[What you will do]: Lower down are entries containing pictures. Copy exactly, without those pictures, the lines from the line with "Emisión de permiso" through the line with "Fakat maalesef, bu".

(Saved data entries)

= = = =

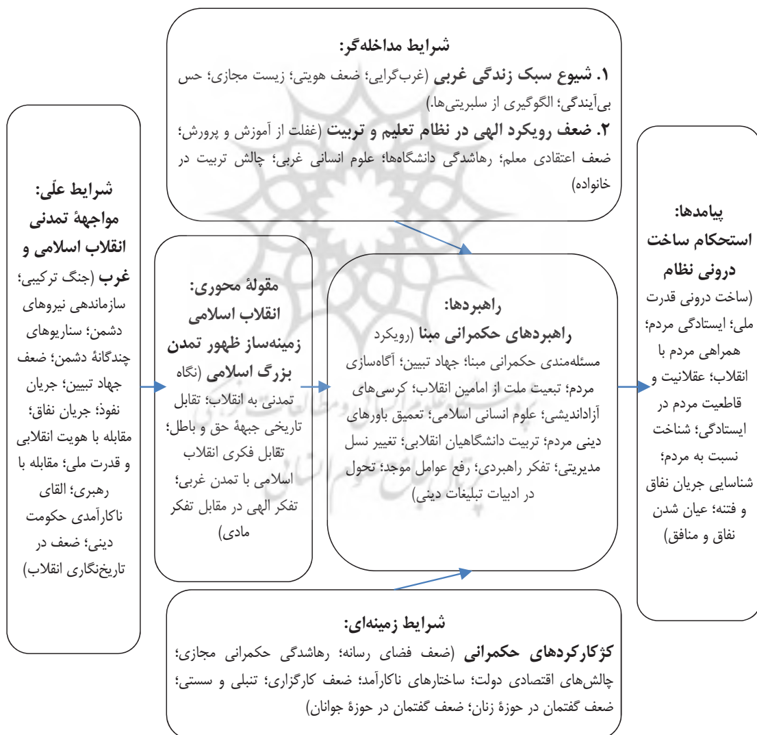
شکل ۲. مدل پارادایمی تحلیل اغتشاشات پاییز ۱۴۰۱ با رویکرد تمدنی

در این پژوهش تلاش شد با اتخاذ رویکرد تمدنی به تحلیل فتنه زن، زندگی و آزادی پرداخته شود. در نهایت مدل پارادایمی تحلیل اغتشاشات پاییز ۱۴۰۱ در شکل ۲ به تصویر کشیده شده است.
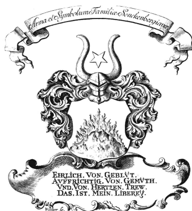
Abb. 11: Wappen des Stiftungsbriefes von Johann Christian Senckenberg
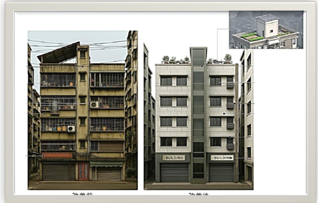
老舊公寓修繕前後模擬示意圖
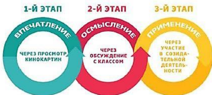
Рис. 1. Этапы проведения киноуроков

3) важным результатом киноурока – возникшая у школьников потребность подражания героям, которая реализуется в ходе проведения социальной практики , – общественно полезного дела, инициированного детьми и позволяющего проявить рассматриваемое качество личности на практике.
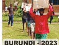
BURUNDI - 2023
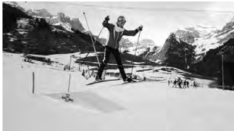
Abbildung 8: Sprungtechnik beim Langlauf-Cross, welcher dieses Jahr leider dem Corona-Virus zum Opfer gefallen ist
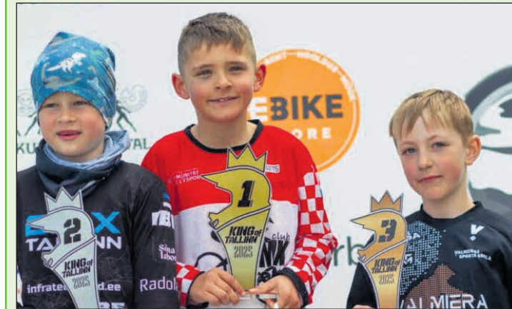
Gran resultado para el rider sanvicentero
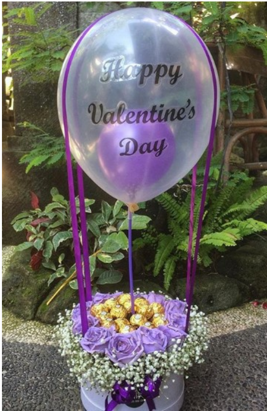
Gambar 2. Hasil Buket Bunga Mitra

Usaha florist AVA Flowers & Gift mendapatkan pasokan bahan baku bunga dari daerah di luar kota Denpasar serta dari beberapa daerah di Pulau Jawa. Selain bahan baku bunga, pernak-pernik serta hiasan untuk dekorasi bunga dibeli pada toko souvenir dan beberapa di antaranya dibuat atau diproduksi sendiri. Salah satu pernak-pernik atau pelengkap yang umumnya ada pada buket bunga yang dijual adalah kartu ucapan. Saat ini pemilik usaha selalu membeli kartu ucapan di toko-toko souvenir. Kartu ucapan tersebut umumnya sudah dalam bentuk jadi dan hanya perlu dilengkapi dengan tulisan atau kalimat ucapan yang diinginkan pelanggan. Namun demikian, adakalanya desain kartu ucapan yang telah dibeli tersebut tidak sesuai dengan keinginan dari pelanggan. Sehingga tidak
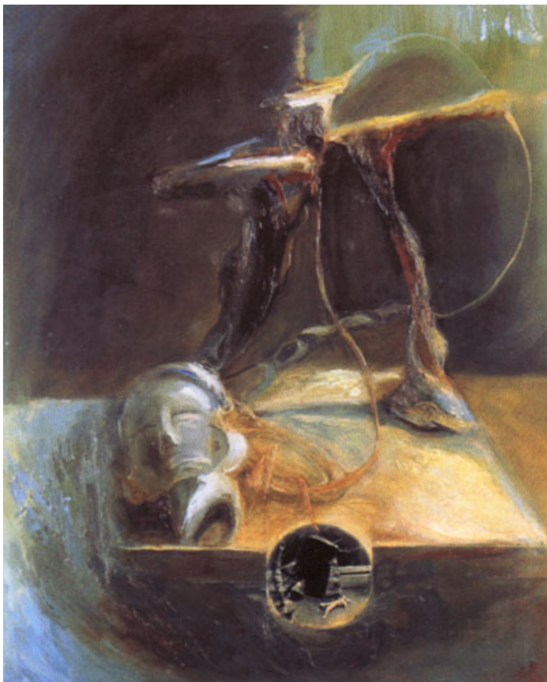
EL ARQUERO DE LOGOS
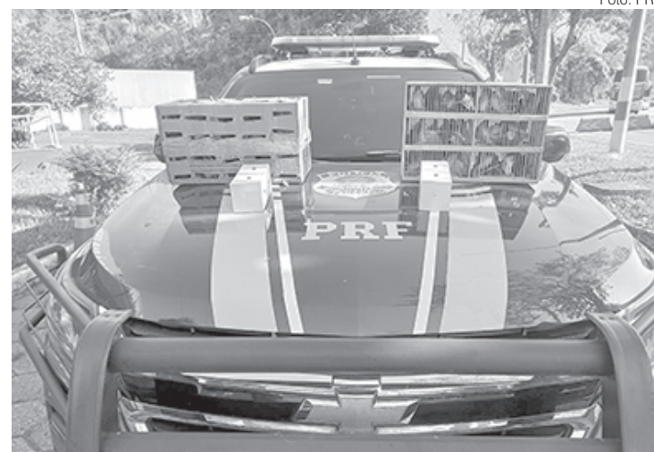
É a terceira vez que o mesmo indivíduo é preso pelo mesmo crime, em menos de um mês
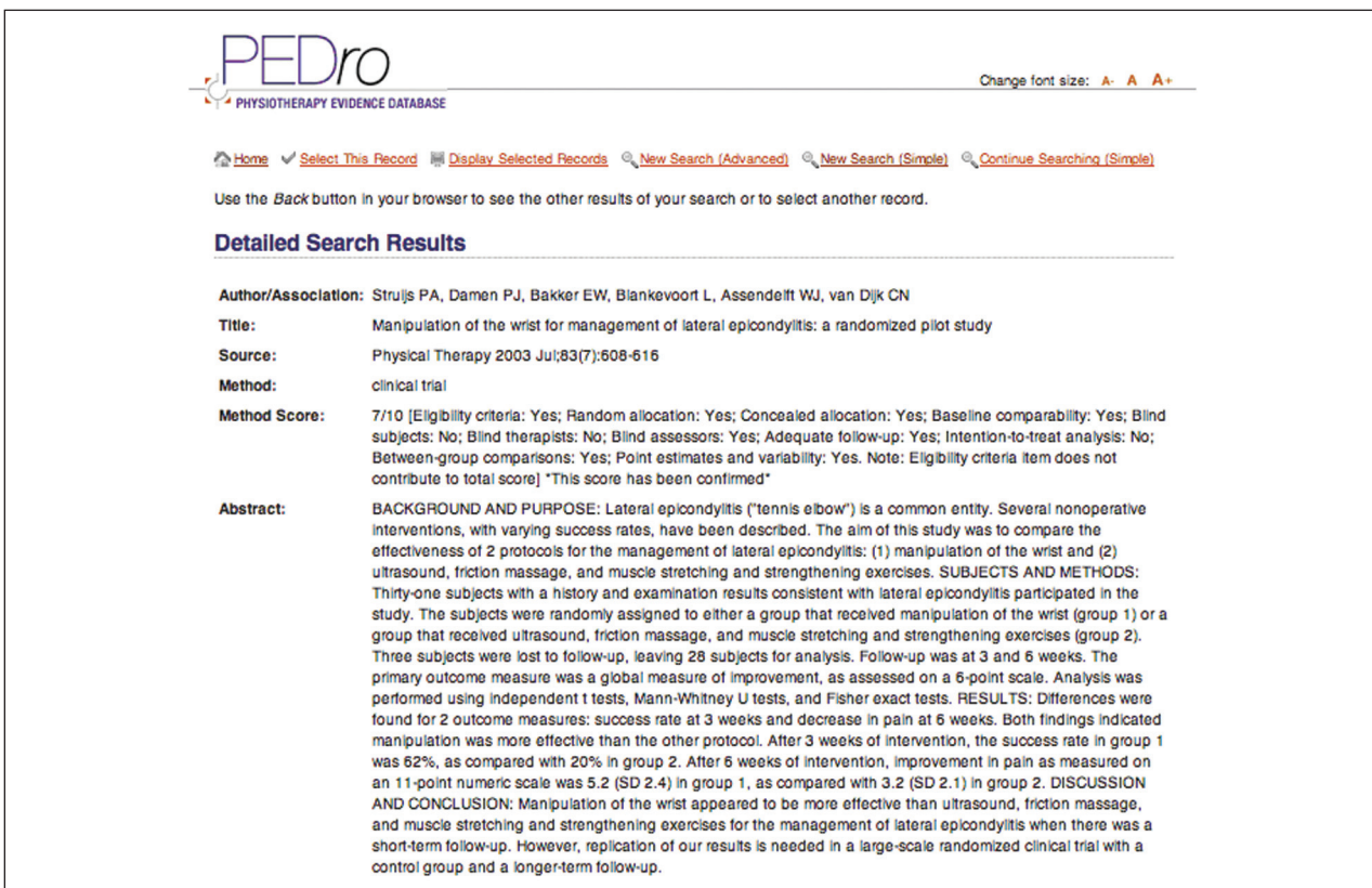
Figura 3 - Detalhes do resultado da busca
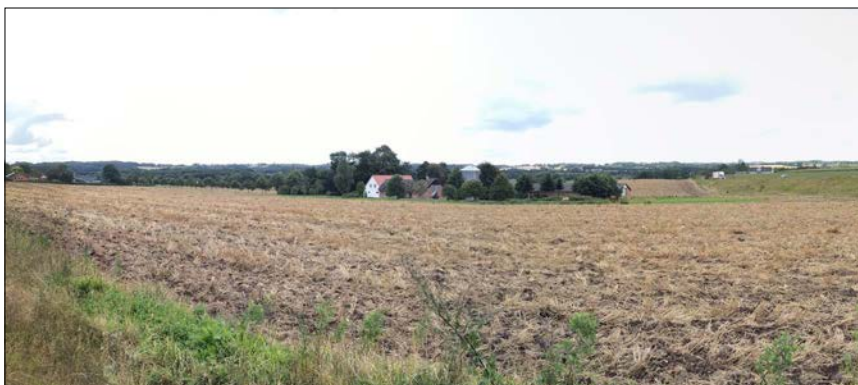
Lokalplanområdet set fra sti ved Sikavej.

Midt igennem lokalplanområdet etableres et grønt rekreativt bælte med sø, skov og eng. Det grønne bælte forbindes af lokalplanområdets stisystem.
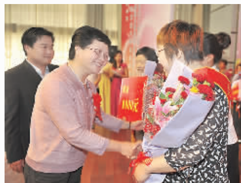
副市长高雅玲为“十佳母亲”颁奖。
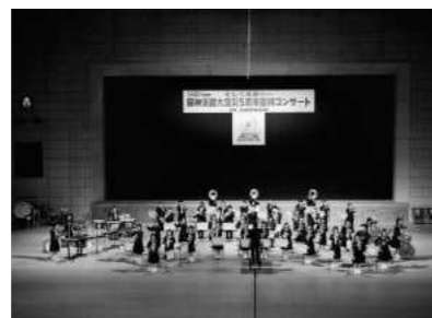
阪神淡路大震災5周年復興コンサート (2000年1月)
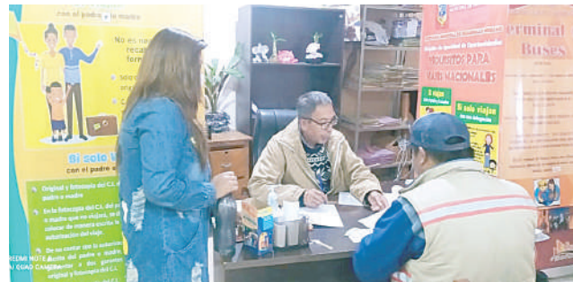
Emisión de permiso para menores de edad fue mayor en diciembre

En el marco del plan preventivo “Viaje Segu-
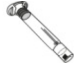
b. Spuit van 3 ml (voorgevuld met het oplosmiddel)
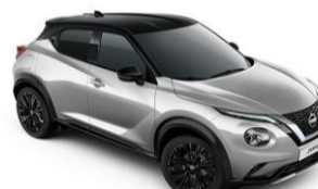
Ezüst / Fekete YAV – 300 000 Ft
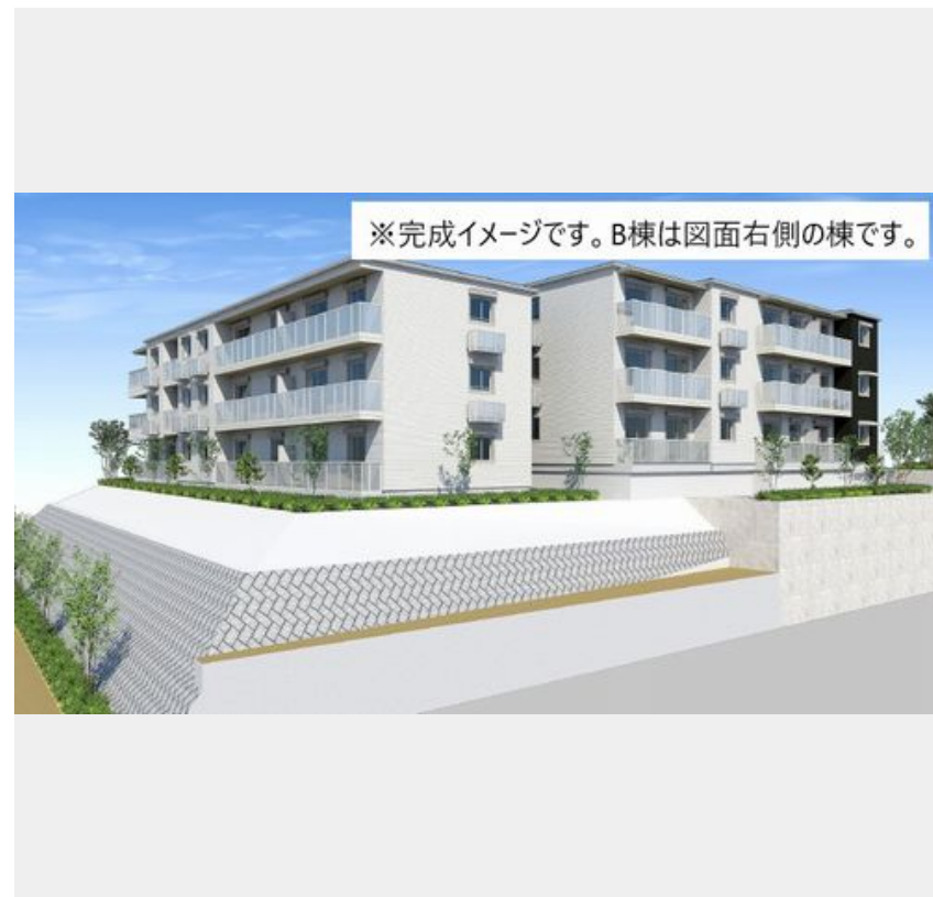
※完成イメージです。B棟は図面右側の棟です。
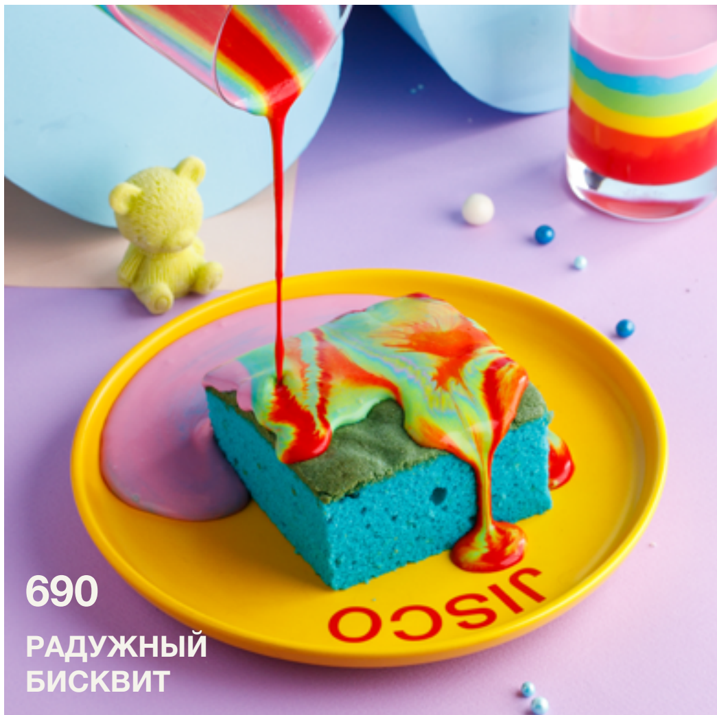
690 РАДУЖНЫЙ БИСКВИТ
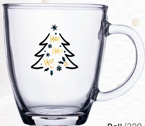
Bell (320 ml) con decorazione P5
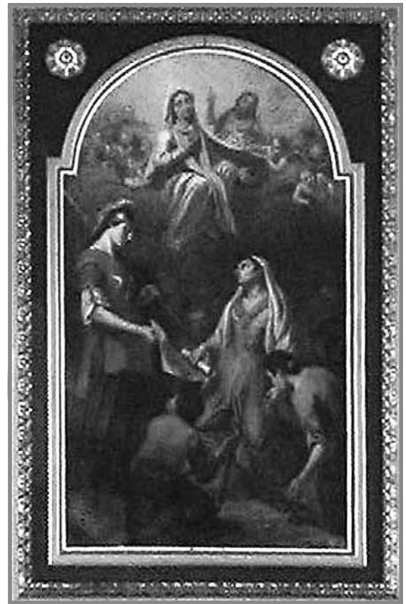
Il-Madonna tal-Fidwa f'Selmun ( http://www.malta-canada.com/churches-chapels/Mellieħa.htm )
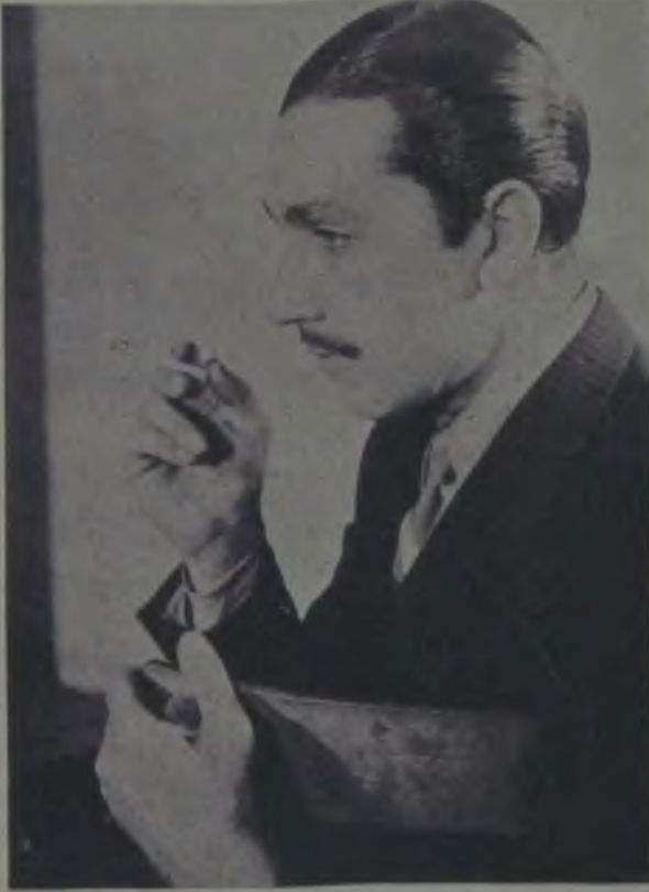
Ferdi Tayfur «Güneşe Doğru» filminde

Fakat maalesef, bu filmlerin adedi sekiz on taneyi aşmadığı gibi üç dört senedir de memleketimizde bir tane bile büyük mevzulu türkçe film göremedik.
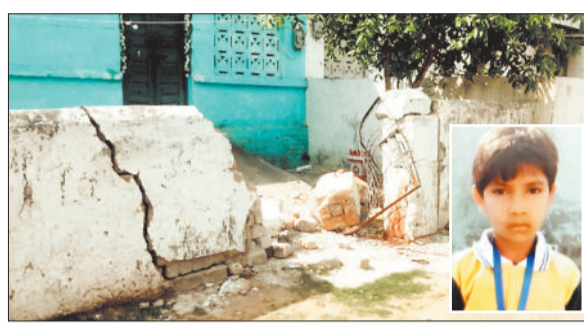
घटनास्थल जहां दुर्घटना हुई। इनसेट में मृत बालिका।

= = = =

[Solution to the exercise]:
Emisión de permiso para menores de edad fue mayor en diciembre

En el marco del plan preventivo “Viaje Segu-
b. Spuit van 3 ml (voorgevuld met het oplosmiddel)
Ezüst / Fekete YAV – 300 000 Ft
※完成イメージです。B棟は図面右側の棟です。
690 РАДУЖНЫЙ БИСКВИТ
Bell (320 ml) con decorazione P5
Il-Madonna tal-Fidwa f'Selmun ( http://www.malta-canada.com/churches-chapels/Mellieħa.htm )
Ferdi Tayfur «Güneşe Doğru» filminde

Fakat maalesef, bu filmlerin adedi sekiz on taneyi aşmadığı gibi üç dört senedir de memleketimizde bir tane bile büyük mevzulu türkçe film göremedik.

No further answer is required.